Kampala Capital City Authority-KCCA is seeking 12 Billion Shillings to purchase new garbage collection trucks to improve sanitation in the city.
According to the Director of Public Health at KCCA Daniel Okello, they plan to purchase two trucks for each of the five divisions of Kampala.
Currently, the authority has 15 garbage collection trucks with 2.5, 3 and 20 tonnes capacity and is assisted by other trucks from private collectors from Nabugabo Updeal Joint Venture, HomeKlin Uganda Limited and Kampala Solid Waste Management Consortium to collect garbage.

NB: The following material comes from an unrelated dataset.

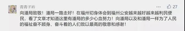 他牺牲的消息传开后,悲痛之情萦绕着福州城。出殡当天,数万老百姓早早等候,有的人手捧白花,长躬不起;有的人拉着自带的横幅,哽咽地喊着“潘局,一路走好”,普通话、福州话声音不断……

However, KCCA and the three private companies are only able to collect 1,200 tons (60 percent) of the total 2,000 tons of garbage generated in Kampala.
Okello says they plan to buy trucks with a capacity of 17 tons which are estimated at 800 Million Shillings each.
Kampala’s garbage challenges are evident on the streets, in drainage channels, roadsides and at people’s shops where heaps are dumped.
KCCA has the mandate to keep the city clean and this includes collecting garbage. However, the challenge is yet to be fully addressed despite having the three private collectors and KCCA doing the job. Initially, the Executive Director of KCCA Dorothy Kisaka said they plan to have a truck per the 99 parishes in Kampala.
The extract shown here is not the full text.